Information shown -
--------------------------------
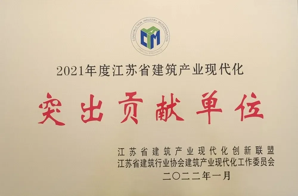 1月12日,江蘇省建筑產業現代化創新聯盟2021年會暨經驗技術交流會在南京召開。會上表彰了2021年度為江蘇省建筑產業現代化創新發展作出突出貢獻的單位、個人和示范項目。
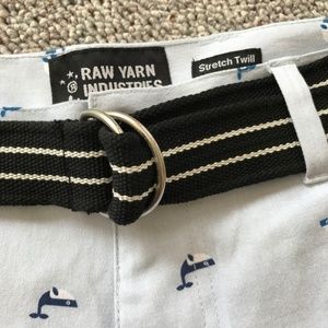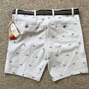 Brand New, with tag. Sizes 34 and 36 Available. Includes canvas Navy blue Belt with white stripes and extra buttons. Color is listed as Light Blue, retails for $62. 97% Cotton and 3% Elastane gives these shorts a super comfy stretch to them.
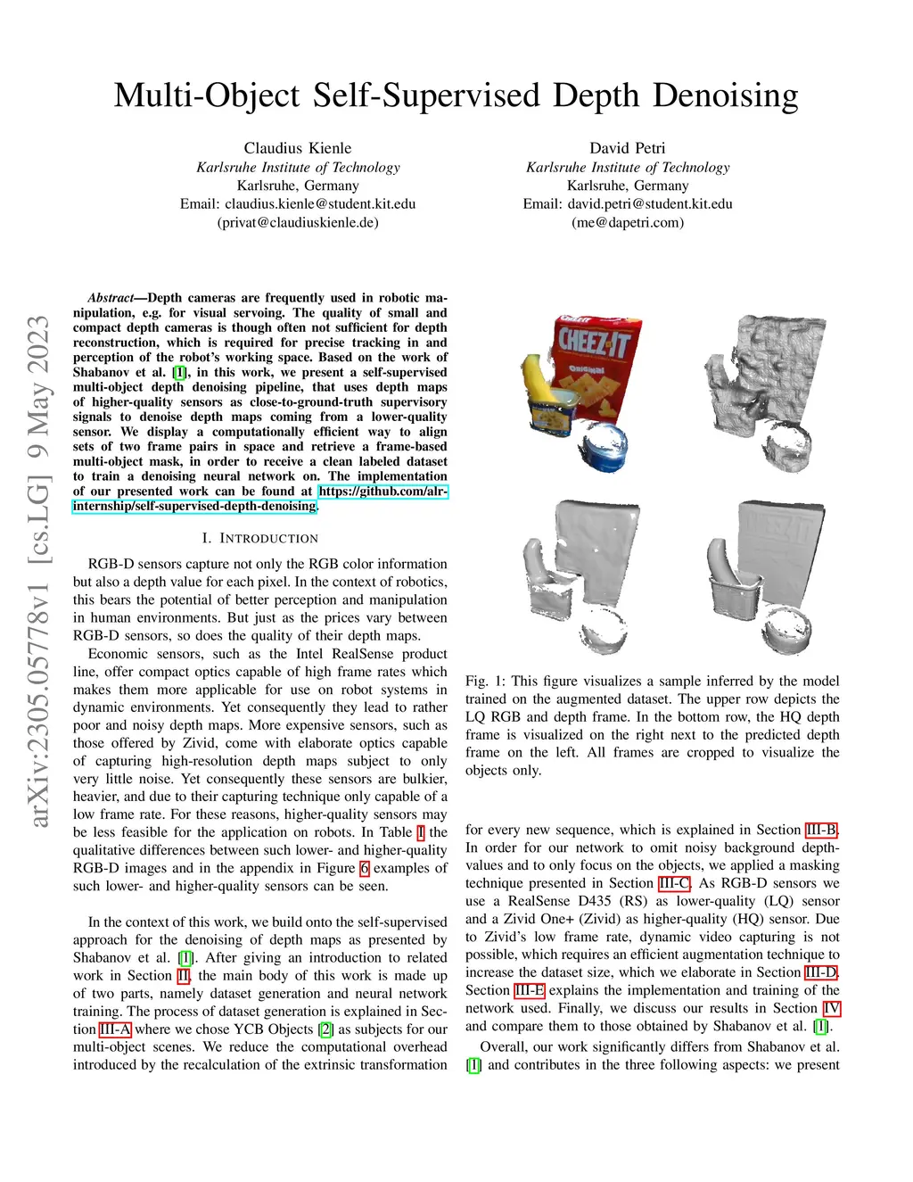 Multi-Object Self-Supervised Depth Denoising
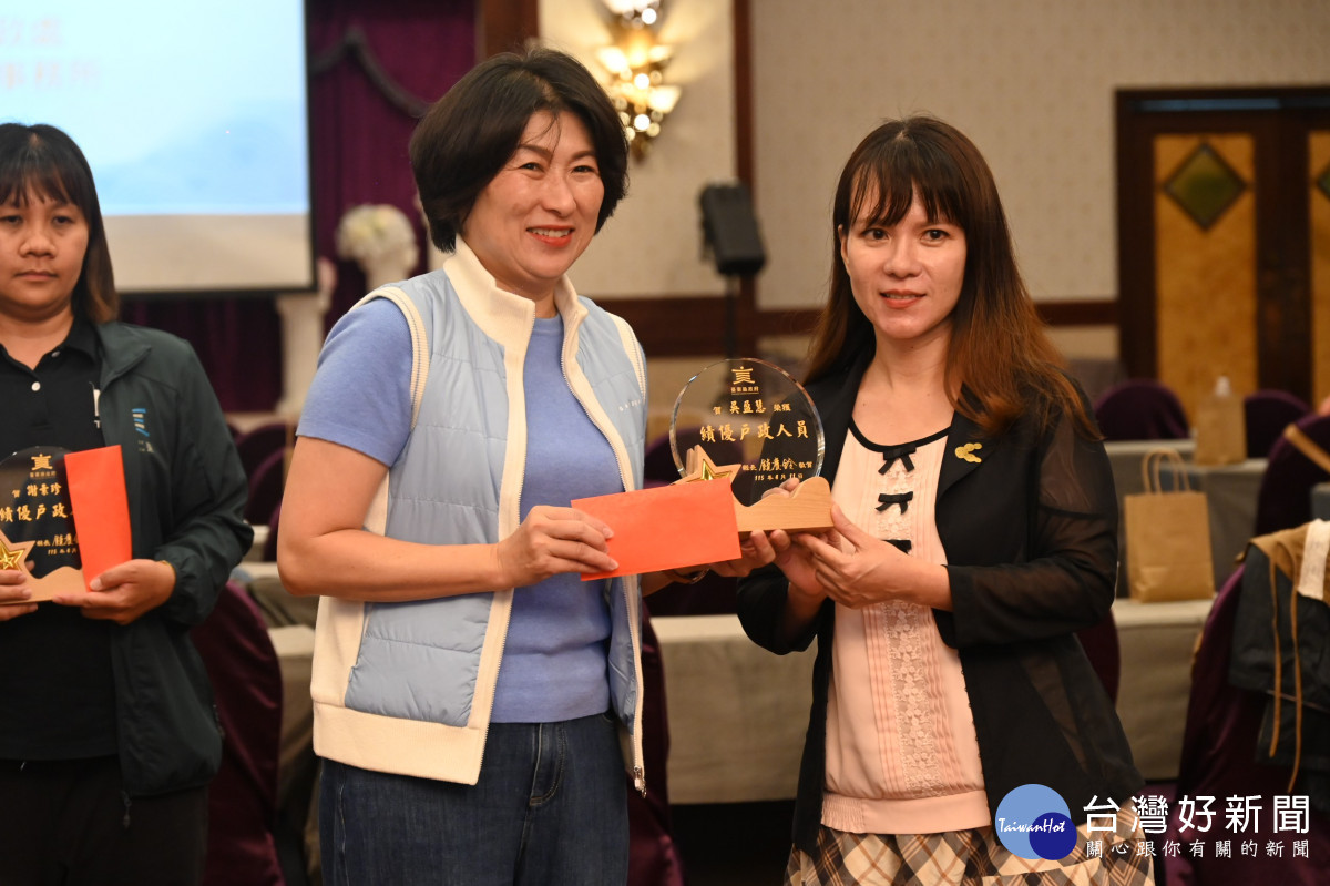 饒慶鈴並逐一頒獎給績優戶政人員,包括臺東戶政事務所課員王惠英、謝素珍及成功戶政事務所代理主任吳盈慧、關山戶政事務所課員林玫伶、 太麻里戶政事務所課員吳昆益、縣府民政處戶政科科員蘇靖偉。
--------------------------------
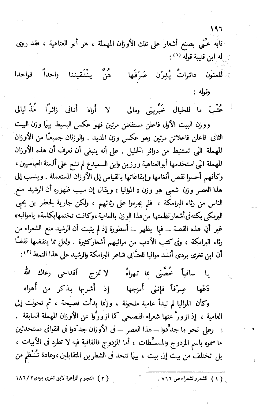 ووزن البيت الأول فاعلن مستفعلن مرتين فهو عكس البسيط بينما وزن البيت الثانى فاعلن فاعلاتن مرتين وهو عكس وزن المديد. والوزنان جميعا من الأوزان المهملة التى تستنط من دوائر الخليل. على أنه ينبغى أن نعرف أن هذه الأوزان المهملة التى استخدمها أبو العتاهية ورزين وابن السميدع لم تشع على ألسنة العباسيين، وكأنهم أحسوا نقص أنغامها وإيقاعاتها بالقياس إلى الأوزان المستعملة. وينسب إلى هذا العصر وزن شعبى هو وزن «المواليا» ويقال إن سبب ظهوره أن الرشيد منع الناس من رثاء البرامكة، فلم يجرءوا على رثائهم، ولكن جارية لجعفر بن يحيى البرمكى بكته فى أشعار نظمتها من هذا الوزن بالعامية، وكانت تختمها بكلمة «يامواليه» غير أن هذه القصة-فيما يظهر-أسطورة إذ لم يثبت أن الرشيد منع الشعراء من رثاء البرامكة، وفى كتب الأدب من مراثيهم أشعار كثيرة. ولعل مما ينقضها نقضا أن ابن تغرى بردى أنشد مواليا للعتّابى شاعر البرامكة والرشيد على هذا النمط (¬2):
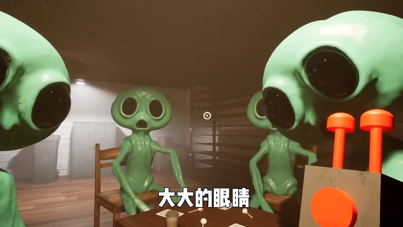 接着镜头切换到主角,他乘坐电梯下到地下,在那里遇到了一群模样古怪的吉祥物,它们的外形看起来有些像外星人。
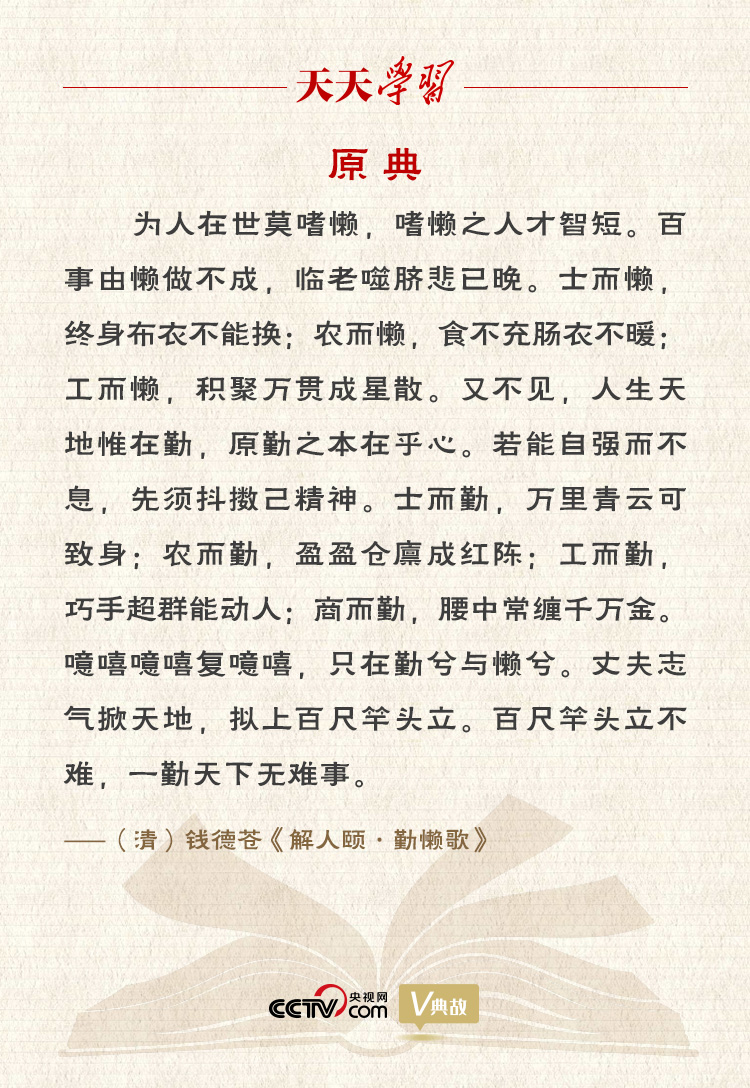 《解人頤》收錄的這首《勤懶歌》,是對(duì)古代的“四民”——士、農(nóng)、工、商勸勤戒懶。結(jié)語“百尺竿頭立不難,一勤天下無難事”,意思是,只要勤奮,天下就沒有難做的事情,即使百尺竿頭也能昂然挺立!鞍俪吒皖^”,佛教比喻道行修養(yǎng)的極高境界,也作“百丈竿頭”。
--------------------------------
Work instruction - Return exactly the stretch above whose first line contains "1月12日,江蘇省建筑產業現" and whose last line contains "饒慶鈴並逐一頒獎給績優戶政人", and nothing outside it. The pictures should not appear.

Answer for this exercise -
 1月12日,江蘇省建筑產業現代化創新聯盟2021年會暨經驗技術交流會在南京召開。會上表彰了2021年度為江蘇省建筑產業現代化創新發展作出突出貢獻的單位、個人和示范項目。
 Brand New, with tag. Sizes 34 and 36 Available. Includes canvas Navy blue Belt with white stripes and extra buttons. Color is listed as Light Blue, retails for $62. 97% Cotton and 3% Elastane gives these shorts a super comfy stretch to them.
 Multi-Object Self-Supervised Depth Denoising
 饒慶鈴並逐一頒獎給績優戶政人員,包括臺東戶政事務所課員王惠英、謝素珍及成功戶政事務所代理主任吳盈慧、關山戶政事務所課員林玫伶、 太麻里戶政事務所課員吳昆益、縣府民政處戶政科科員蘇靖偉。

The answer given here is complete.